THinc. – I’ve been reading back through your blog some, and you speak a bit about the state of game play today – can you tell us of any other innovative games that you would be interested in playing now or in the near future? (Have you heard of the game The Witness (Jonathan Blow), they seem to have a similar desire to you… though through different means.)
Sam – Yeah, The Witness looks neat. I was a big fan of Riven, the second Myst game, when that came out so I’m interested to see how that stacks up next to it. They’ve been fairly tight lipped about the narrative side of the game, I’m intrigued to see how that fits in.
I’m always excited to see what Simogo are up to — their last three games (Year Walk, Device 6, The Sailor’s Dream) have been an amazing hat-trick. You have them and people like Inkle (80 Days) doing really great stuff on iOS. Mixing things up, putting bigger games to shame. I don’t know if you’ve played a game called Blackbar, also on iOS. That was another game that really impressed me — it was such a perfect, simple idea — and wonderfully executed. I absolutely need to put some time aside to play through Emily Short’s game Blood & Laurels — it’s on the app store too — this is her big, rich story game using the Versu tech. That game uses some AI approaches to create a dynamic, but authored story — super clever. So many games, so little time!
THinc. – I was happy to pre-order the game, but am curious what you are working on up to launch, and when your hoped for launch date is? Are you coding? Testing?
Sam – At the moment I’m having some people test the game and trying to balance some aspects of it, get the final set of features and polish items together then we go into the back-end and finish everything up. This stage is nerve-wracking, but hugely useful — seeing how different people come at things, the different approaches people take.
THinc. – I am super stoked about your game, and can’t wait to get my hands on it. Kudos to you for doing something different and innovative. I’d really appreciate it if you guys would upvote the heck out of this thing on Steam. And heck, while you are at it, spend five bucks and support a new voice in the gaming space and pre-order the game. Simple enough, right?
If you are interested in some of the presskit materials for the game, stills and the trailer, feel free to check them out here. I think you will quickly get just as excited as I am already.
Here is the teaser trailer for Her Story. Very good details here where we can get a sense of the videos available to us and the information we might come away with. I find the entire enterprise fascinating really.
My Review of Her Story
When I get into something I dig really really deep. Cough, like interviewing the developer and writer? hahah. Apparently you know that already. So I knew a lot more than I probably should have. I’m not going to tip Sam’s story’s hand… so that won’t happen for you. But I think I would have liked the game EVEN MORE if I hadn’t had something of a clue as to what was up the game’s sleeve. But even with my knowing, I still totally loved the concept of this game.

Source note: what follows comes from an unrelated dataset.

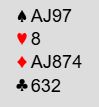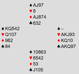 Pierre Zimmermann trodde tydeligvis han skulle få stikk for begge essene. For etter at Helgemo sine lagkamerater Grue-Moss hadde meldt seg opp i 6 hjerter doblet han. Øst hadde åpnet med sterk kunstig 1 kløver og senere vist hjerterfarge. Men de to essene ga ikke to stikk denne gangen!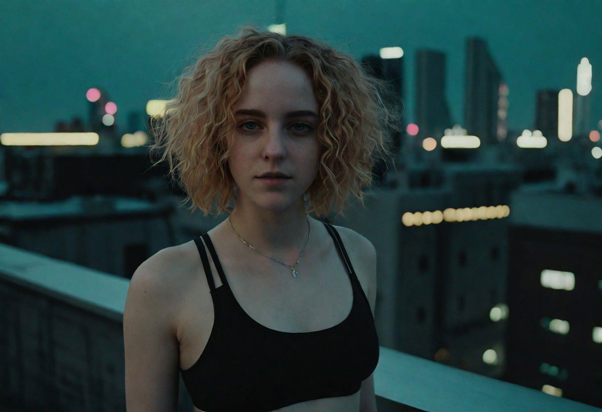 cyborg young woman, dark cyberpunk, highly detailed face, pale fragile delicate body, frizzy bob cut hair, (stylish haircut:0.9), wearing an open black hi-tech tactical techwear crop top, subtle cyberware, standing on a cyberpunk night city rooftop, scenic view, cinematic scene, cinematic lighting, analog-style photo, grainy amateur lo-fi portrait photo, desaturated colors, (low contrast), distracted, b-cup breasts, eyeliner, (eyeshadow:1.1), shy, blushing, raw photo, phone photo, 3/4, (upper body portrait shot), medium shot, accidental art, candid, crisp image, high detail, (eyebags:0.7)

The 8-bit nature of the game gave it just an authenticity. It felt like I was sitting in an antiquated Police Station, reviewing old tapes of interviews and evidence that quickly lead all the way down a rabbit hole of interesting discoveries. To just sit there and soak in the story, and then scramble to find more out as quickly as possible was awesome. Reminded me a lot of the iPhone app game called Blackbar. The story sort of enveloped around you and you sort of had to discover it as you went. The fact that it invariably comes to you completely out of order makes the story even more of a draw. I definitely loved this game, and only wish that I had thought of it first. Kudos to you for pulling this clever idea off my friend!!